═══ EXCERPTED DATA

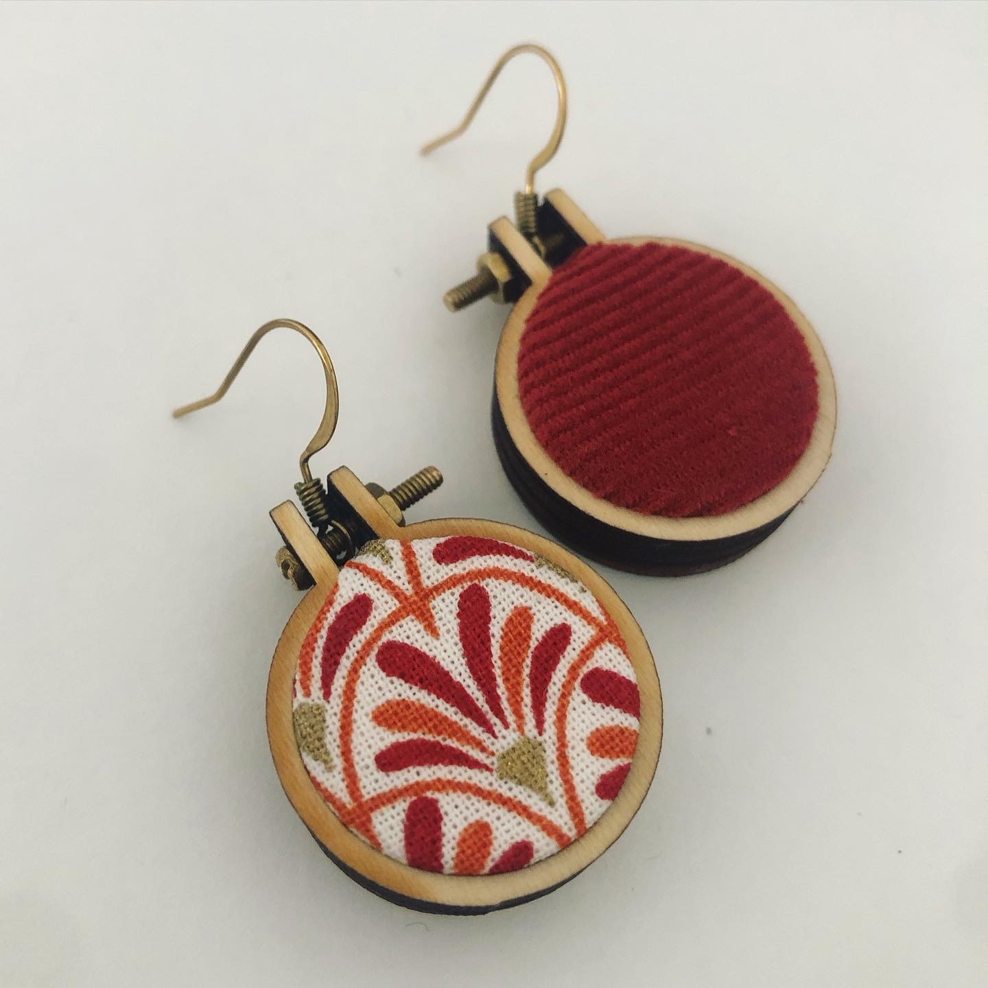 Création unique et dépareillée faite à partir de chutes de tissus et de tambours à broder version « mini ».
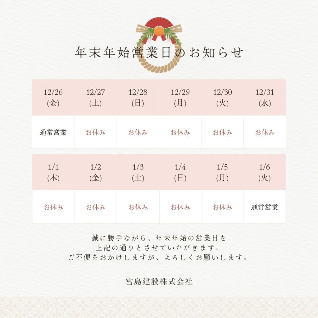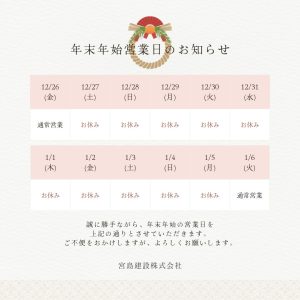 年末年始の休業日とさせていただきます。
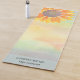 This floral yoga instructor yoga mat is decorated with a yellow sunflower and a colourful watercolor background.
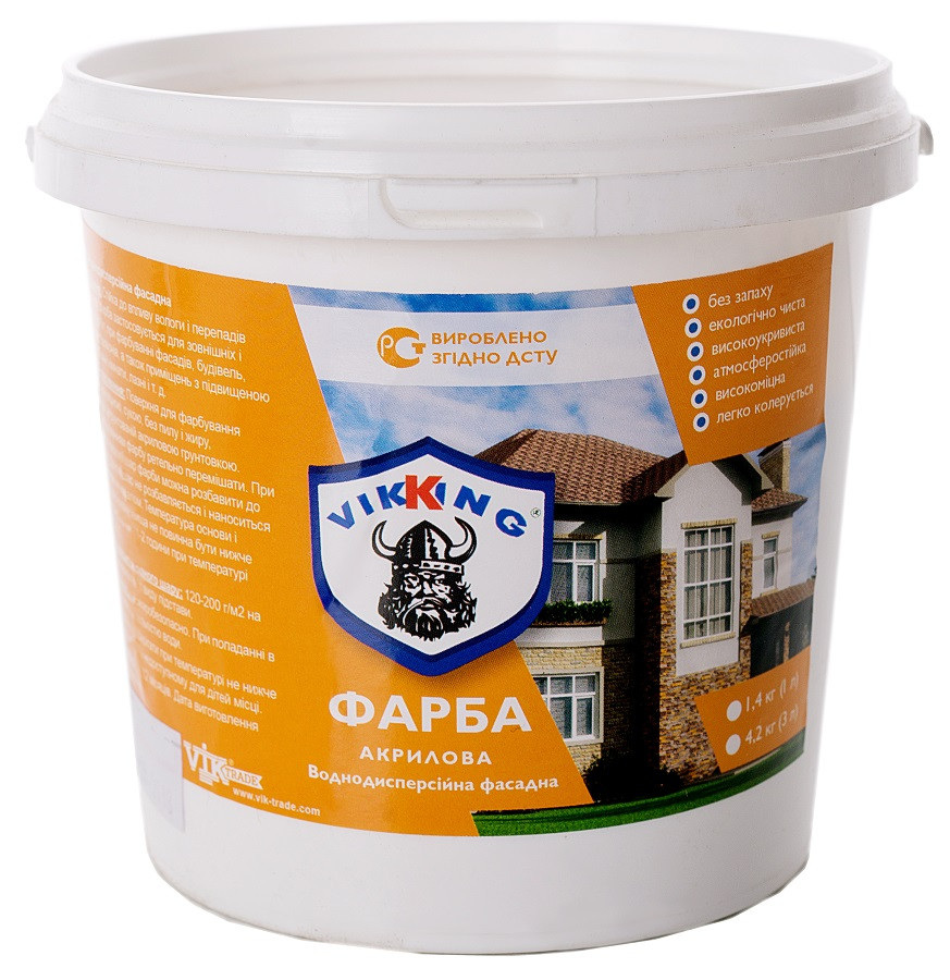 Характеристики товара Краска фасадная силиконовая VIKING 14 кг
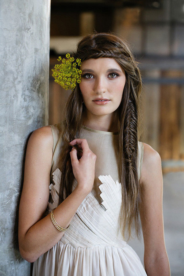 Свадебные стилисты рекомендуют плести косы: колоски, объёмную косу «рыбий хвост» или ободки из кос в бохо-стиле. Вместо фаты в таком случае идеально подойдёт венок из цветов или заколка-цветок.
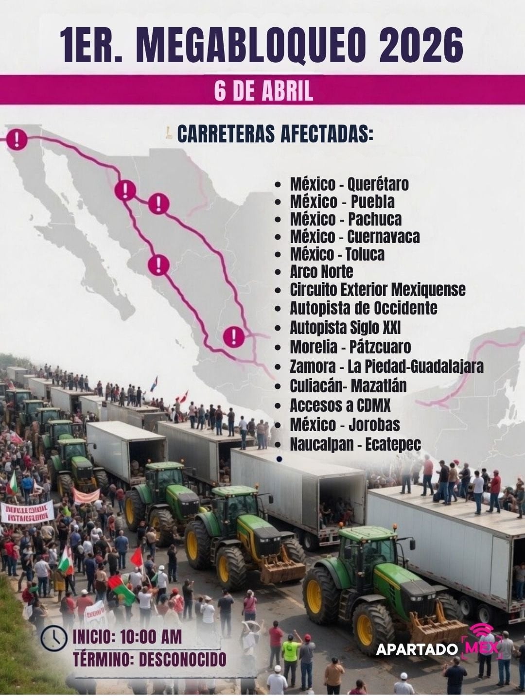 La Asociación Nacional de Transportistas (Antac) y el Frente Nacional para el Rescate del Campo Mexicano convocaron a esta movilización desde temprano, aunque los bloqueos se comenzaron a reportar hasta alrededor de las 10:00 de la mañana.
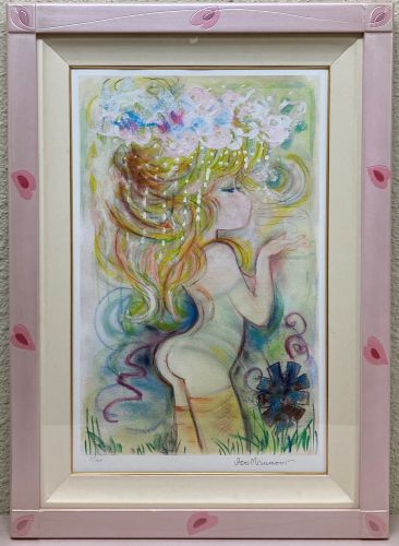 水森亜土氏の版画作品を買取させていただきました。額縁もピンク色で全体的にキュートな印象です。作品のサイズ感も良く、直近の絵画データを加味して評価させていただきました。
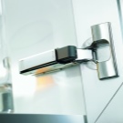 - إلى الجانب. تُستخدم هذه الطريقة عادةً بعد التثبيت مباشرةً لضبط القطر القطري للمنتج. للقيام بذلك ، استخدم المسمار في المفصلة الموجودة على المفصلة بالقرب من حافة الصندوق..
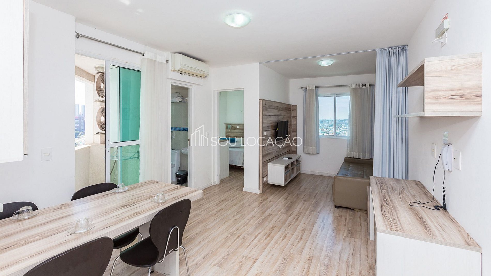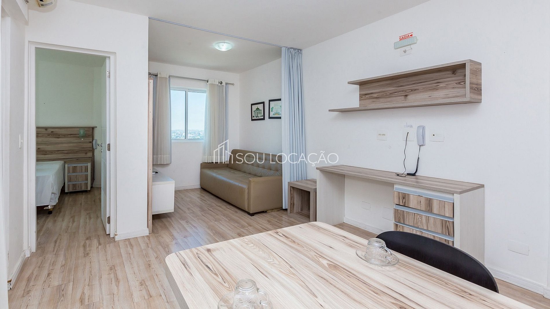 ÁREA CONJUGADA DE: Copa/Sala com sacada, mesa com quatro cadeiras, sofá-cama, TV a cabo, mesa de trabalho/escrivaninha.
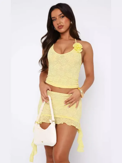 Chic Women Casual Lace Skirt Set
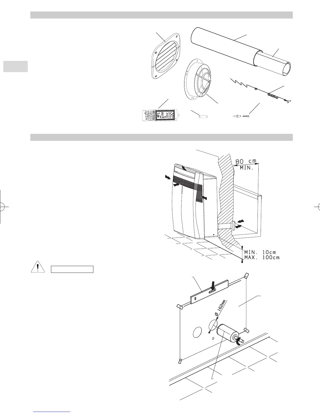 ● Fix the unit at a minimum height of 10 cm and a maximum
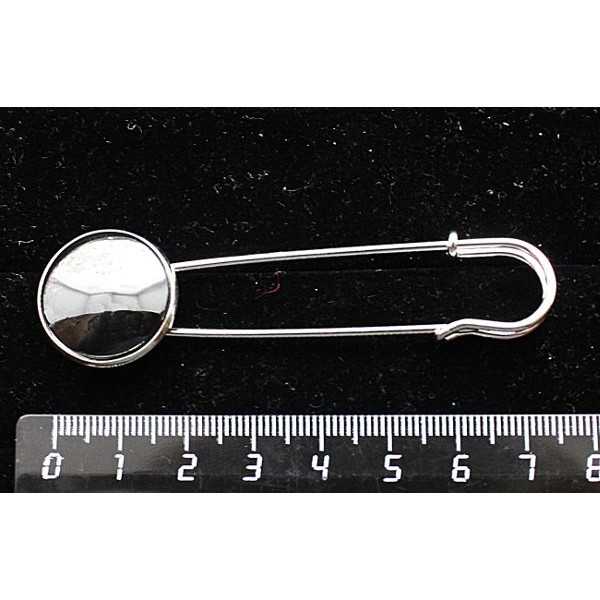 Основа для броши-булавки, 77мм, сеттинг круг 20мм, цвет св. серебро
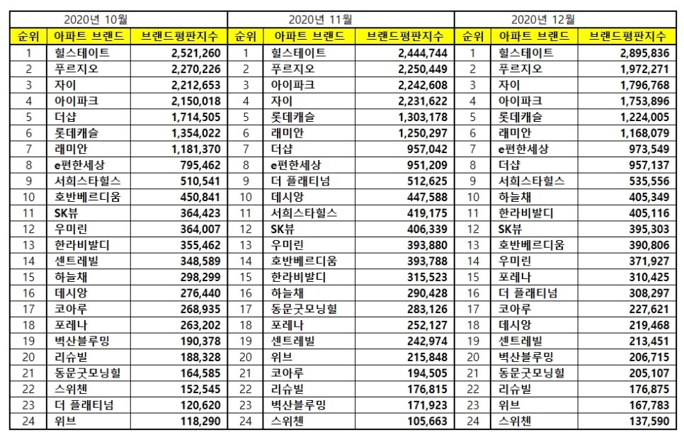 국내 아파트에 대한 브랜드평판 2020년 12월 빅데이터 분석결과, 1위 힐스테이트 2위 푸르지오 3위 자이 순으로 분석되었다.한국기업평판연구소는 24개 아파트 브랜드에 대한 빅데이터 평판
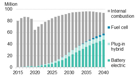 Global annual passenger vehicle sales estimates by drivetrain – Source: Bloomberg NEF
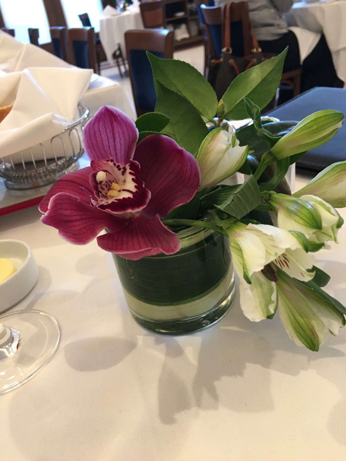 The Denver restaurant is located at 3rd Ave. and St Paul in Cherry Creek. Valet parking is available as parking is very tight in this neighborhood. It’s a large and open restaurant with extra outdoor seating and a lounge area. The kitchen is hidden behind closed doors– which is not my favorite. Of course the tables have white table clothes and a pretty flower arrangement.
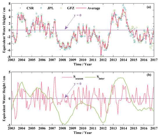 Time series of terrestrial water storage anomalies (TWSA) in Northeast China from 2003 to 2016 calculated on the basis of Gravity Recovery and Climate Experiment (GRACE) data: (a) time series of TWSA estimated using CSR (the Center for Space Research at the University of Texas at Austin), JPL (the Jet Propulsion Laboratory), and GFZ (the German Geosciences Research Center) solutions and their average; (b) interannual and seasonal signals of TWSA in Northeast China.
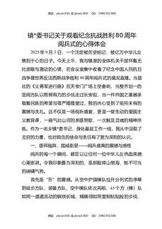 X镇党委书记关于观看纪念抗战胜利80周年阅兵式的心得体会.docx
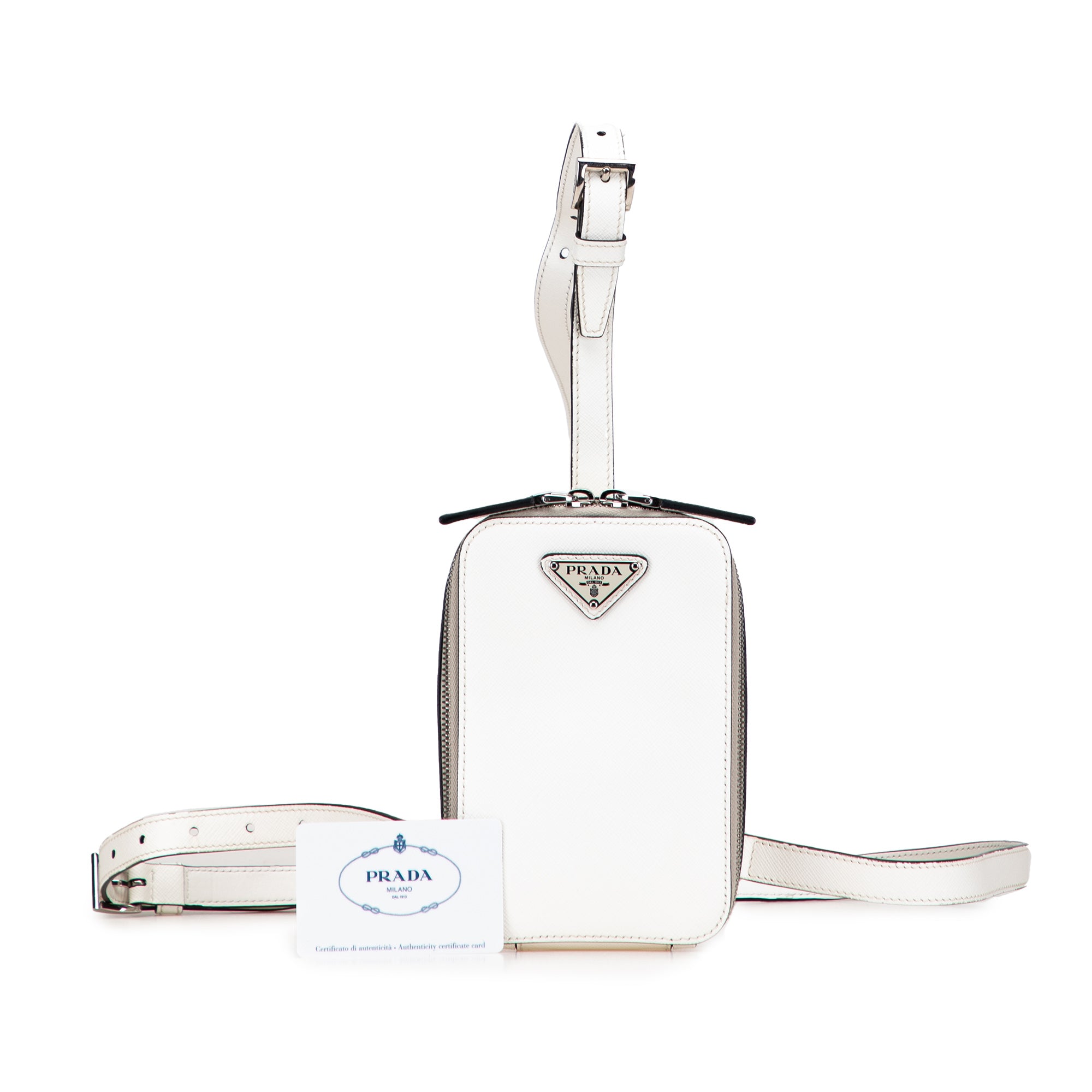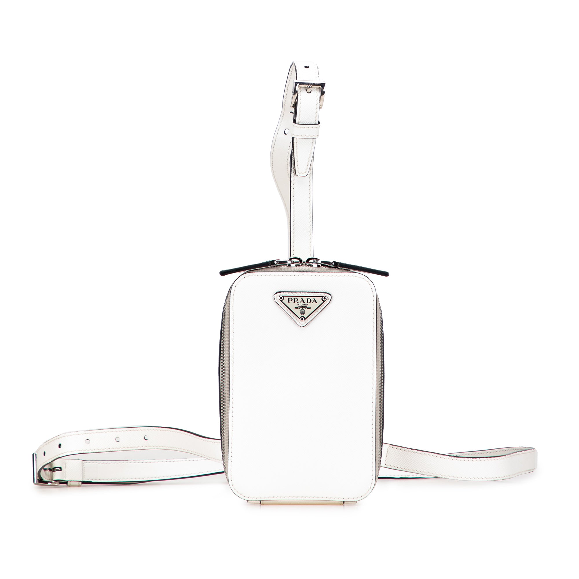 Product Details: White Prada Saffiano Harness Crossbody Pouch. The Harness bag features a saffiano leather body, flat straps, a top zip closure, and an interior slip pocket. 6.9" L x 4.5" W x 1.6" D, 23.6" drop.
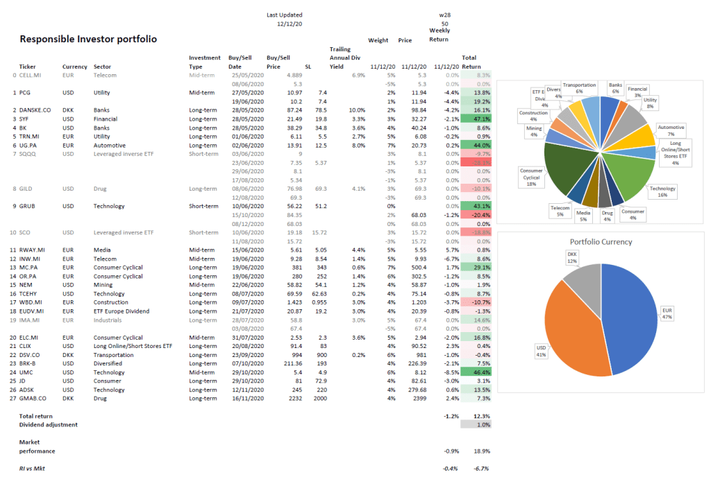 Our Responsible Investor portfolio is now up 20.6% (21.5% including dividends) in 9 months. We are about 60% in stocks & ETFs and 40% in cash. On my watchlist this week I have $DVA, $CMG, $VIAV, $MSFT, $AMBU-B.CO and $OCDO.L.
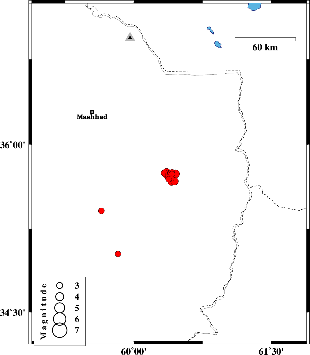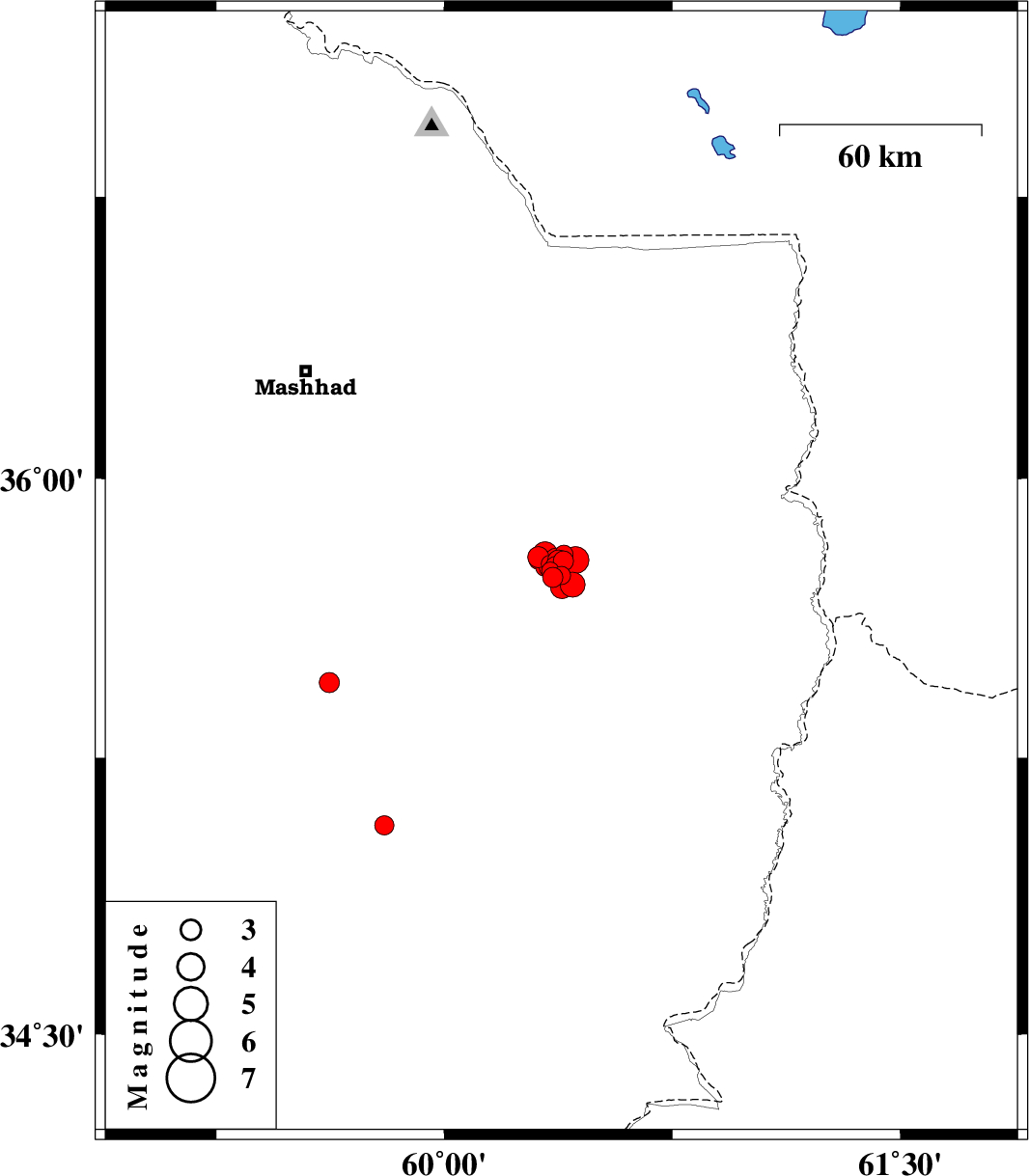 | 2017/04/16 | 18:02:05.5 | 22:32:05.5 | 35.78 | 60.391 | 16 | ML3 | Khorasan(center) Province, 50 km -East of Fariman | ||
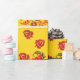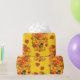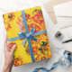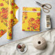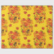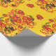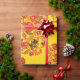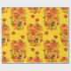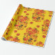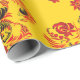 Hohloma russo papel de embalagem, arte russa, morangos vermelhos, folhas amarelas, fundo preto
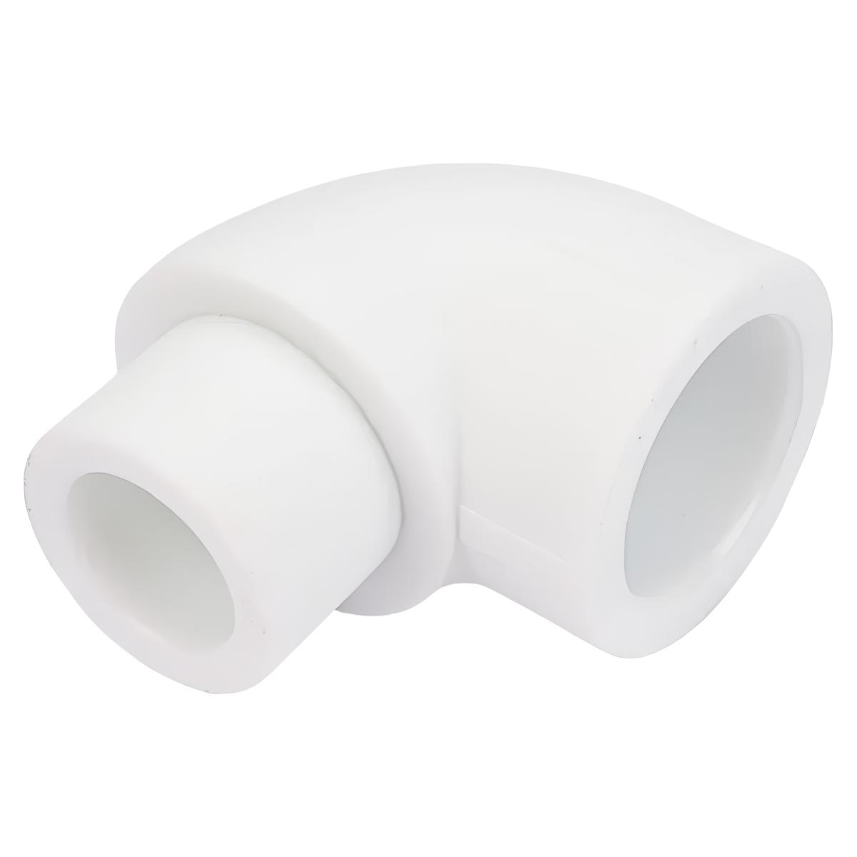 Полипропиленовый фитинг. Используется для поворота трубопровода на 90°. Производится методом литья под давлением.

══════

INSTRUCTIONS TO FOLLOW:
An exact reproduction of all the records is required, with no pictures included.

OUTPUT FOR THIS EXERCISE:
 Création unique et dépareillée faite à partir de chutes de tissus et de tambours à broder version « mini ».
 年末年始の休業日とさせていただきます。
 This floral yoga instructor yoga mat is decorated with a yellow sunflower and a colourful watercolor background.
 Характеристики товара Краска фасадная силиконовая VIKING 14 кг
 Свадебные стилисты рекомендуют плести косы: колоски, объёмную косу «рыбий хвост» или ободки из кос в бохо-стиле. Вместо фаты в таком случае идеально подойдёт венок из цветов или заколка-цветок.
 La Asociación Nacional de Transportistas (Antac) y el Frente Nacional para el Rescate del Campo Mexicano convocaron a esta movilización desde temprano, aunque los bloqueos se comenzaron a reportar hasta alrededor de las 10:00 de la mañana.
 水森亜土氏の版画作品を買取させていただきました。額縁もピンク色で全体的にキュートな印象です。作品のサイズ感も良く、直近の絵画データを加味して評価させていただきました。
 - إلى الجانب. تُستخدم هذه الطريقة عادةً بعد التثبيت مباشرةً لضبط القطر القطري للمنتج. للقيام بذلك ، استخدم المسمار في المفصلة الموجودة على المفصلة بالقرب من حافة الصندوق..
 ÁREA CONJUGADA DE: Copa/Sala com sacada, mesa com quatro cadeiras, sofá-cama, TV a cabo, mesa de trabalho/escrivaninha.
 Chic Women Casual Lace Skirt Set
 ● Fix the unit at a minimum height of 10 cm and a maximum
 Основа для броши-булавки, 77мм, сеттинг круг 20мм, цвет св. серебро
 국내 아파트에 대한 브랜드평판 2020년 12월 빅데이터 분석결과, 1위 힐스테이트 2위 푸르지오 3위 자이 순으로 분석되었다.한국기업평판연구소는 24개 아파트 브랜드에 대한 빅데이터 평판
 Global annual passenger vehicle sales estimates by drivetrain – Source: Bloomberg NEF
 The Denver restaurant is located at 3rd Ave. and St Paul in Cherry Creek. Valet parking is available as parking is very tight in this neighborhood. It’s a large and open restaurant with extra outdoor seating and a lounge area. The kitchen is hidden behind closed doors– which is not my favorite. Of course the tables have white table clothes and a pretty flower arrangement.
 Time series of terrestrial water storage anomalies (TWSA) in Northeast China from 2003 to 2016 calculated on the basis of Gravity Recovery and Climate Experiment (GRACE) data: (a) time series of TWSA estimated using CSR (the Center for Space Research at the University of Texas at Austin), JPL (the Jet Propulsion Laboratory), and GFZ (the German Geosciences Research Center) solutions and their average; (b) interannual and seasonal signals of TWSA in Northeast China.
 X镇党委书记关于观看纪念抗战胜利80周年阅兵式的心得体会.docx
 Product Details: White Prada Saffiano Harness Crossbody Pouch. The Harness bag features a saffiano leather body, flat straps, a top zip closure, and an interior slip pocket. 6.9" L x 4.5" W x 1.6" D, 23.6" drop.
 Our Responsible Investor portfolio is now up 20.6% (21.5% including dividends) in 9 months. We are about 60% in stocks & ETFs and 40% in cash. On my watchlist this week I have $DVA, $CMG, $VIAV, $MSFT, $AMBU-B.CO and $OCDO.L.
 | 2017/04/16 | 18:02:05.5 | 22:32:05.5 | 35.78 | 60.391 | 16 | ML3 | Khorasan(center) Province, 50 km -East of Fariman | ||
 Hohloma russo papel de embalagem, arte russa, morangos vermelhos, folhas amarelas, fundo preto
 Полипропиленовый фитинг. Используется для поворота трубопровода на 90°. Производится методом литья под давлением.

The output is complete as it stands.